### [Data to use]

□ □ □ □ □

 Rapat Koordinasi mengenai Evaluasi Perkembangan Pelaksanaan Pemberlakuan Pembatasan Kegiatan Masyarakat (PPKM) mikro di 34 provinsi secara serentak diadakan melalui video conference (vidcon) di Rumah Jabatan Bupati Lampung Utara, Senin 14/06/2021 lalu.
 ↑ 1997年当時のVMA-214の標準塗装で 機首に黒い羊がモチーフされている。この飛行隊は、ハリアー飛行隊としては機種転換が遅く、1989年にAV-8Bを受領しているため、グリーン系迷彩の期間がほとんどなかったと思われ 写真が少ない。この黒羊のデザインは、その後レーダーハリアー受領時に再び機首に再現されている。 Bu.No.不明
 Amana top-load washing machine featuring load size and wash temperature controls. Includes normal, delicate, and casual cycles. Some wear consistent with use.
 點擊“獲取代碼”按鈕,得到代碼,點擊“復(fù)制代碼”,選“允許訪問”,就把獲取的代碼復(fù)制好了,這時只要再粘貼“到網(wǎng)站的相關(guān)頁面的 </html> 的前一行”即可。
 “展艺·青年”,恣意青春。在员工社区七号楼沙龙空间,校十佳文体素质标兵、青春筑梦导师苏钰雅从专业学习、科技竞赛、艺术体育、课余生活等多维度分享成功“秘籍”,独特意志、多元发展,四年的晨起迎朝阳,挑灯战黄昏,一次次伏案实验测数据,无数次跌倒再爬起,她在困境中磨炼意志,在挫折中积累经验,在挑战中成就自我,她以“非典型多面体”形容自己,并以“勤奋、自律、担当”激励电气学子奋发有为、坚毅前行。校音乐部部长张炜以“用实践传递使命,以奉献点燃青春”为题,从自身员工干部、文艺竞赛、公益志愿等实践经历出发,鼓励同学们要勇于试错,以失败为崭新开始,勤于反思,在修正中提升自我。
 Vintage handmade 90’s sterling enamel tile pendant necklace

□ □ □ □ □

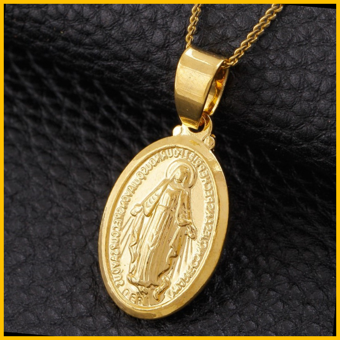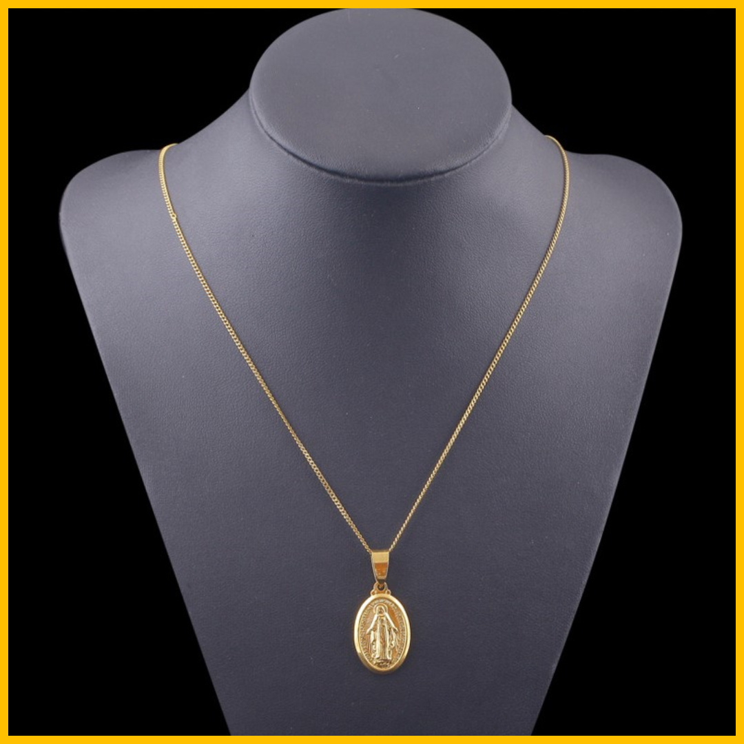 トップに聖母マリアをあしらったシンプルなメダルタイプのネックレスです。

□ □ □ □ □

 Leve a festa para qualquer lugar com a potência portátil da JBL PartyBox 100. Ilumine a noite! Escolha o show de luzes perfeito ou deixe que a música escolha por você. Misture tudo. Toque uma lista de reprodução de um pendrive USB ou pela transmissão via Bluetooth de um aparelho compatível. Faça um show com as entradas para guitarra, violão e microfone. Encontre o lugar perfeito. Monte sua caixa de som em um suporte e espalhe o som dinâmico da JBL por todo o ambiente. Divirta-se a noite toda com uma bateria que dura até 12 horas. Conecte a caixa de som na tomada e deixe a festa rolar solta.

□ □ □ □ □

### [Problem statement]
There is a run of lines above from the one with "Rapat Koordinasi mengenai" to the one with "Vintage handmade 90’s"; print exactly that run, both ends included, and nothing else.

### [Answer box]
 Rapat Koordinasi mengenai Evaluasi Perkembangan Pelaksanaan Pemberlakuan Pembatasan Kegiatan Masyarakat (PPKM) mikro di 34 provinsi secara serentak diadakan melalui video conference (vidcon) di Rumah Jabatan Bupati Lampung Utara, Senin 14/06/2021 lalu.
 ↑ 1997年当時のVMA-214の標準塗装で 機首に黒い羊がモチーフされている。この飛行隊は、ハリアー飛行隊としては機種転換が遅く、1989年にAV-8Bを受領しているため、グリーン系迷彩の期間がほとんどなかったと思われ 写真が少ない。この黒羊のデザインは、その後レーダーハリアー受領時に再び機首に再現されている。 Bu.No.不明
 Amana top-load washing machine featuring load size and wash temperature controls. Includes normal, delicate, and casual cycles. Some wear consistent with use.
 點擊“獲取代碼”按鈕,得到代碼,點擊“復(fù)制代碼”,選“允許訪問”,就把獲取的代碼復(fù)制好了,這時只要再粘貼“到網(wǎng)站的相關(guān)頁面的 </html> 的前一行”即可。
 “展艺·青年”,恣意青春。在员工社区七号楼沙龙空间,校十佳文体素质标兵、青春筑梦导师苏钰雅从专业学习、科技竞赛、艺术体育、课余生活等多维度分享成功“秘籍”,独特意志、多元发展,四年的晨起迎朝阳,挑灯战黄昏,一次次伏案实验测数据,无数次跌倒再爬起,她在困境中磨炼意志,在挫折中积累经验,在挑战中成就自我,她以“非典型多面体”形容自己,并以“勤奋、自律、担当”激励电气学子奋发有为、坚毅前行。校音乐部部长张炜以“用实践传递使命,以奉献点燃青春”为题,从自身员工干部、文艺竞赛、公益志愿等实践经历出发,鼓励同学们要勇于试错,以失败为崭新开始,勤于反思,在修正中提升自我。
 Vintage handmade 90’s sterling enamel tile pendant necklace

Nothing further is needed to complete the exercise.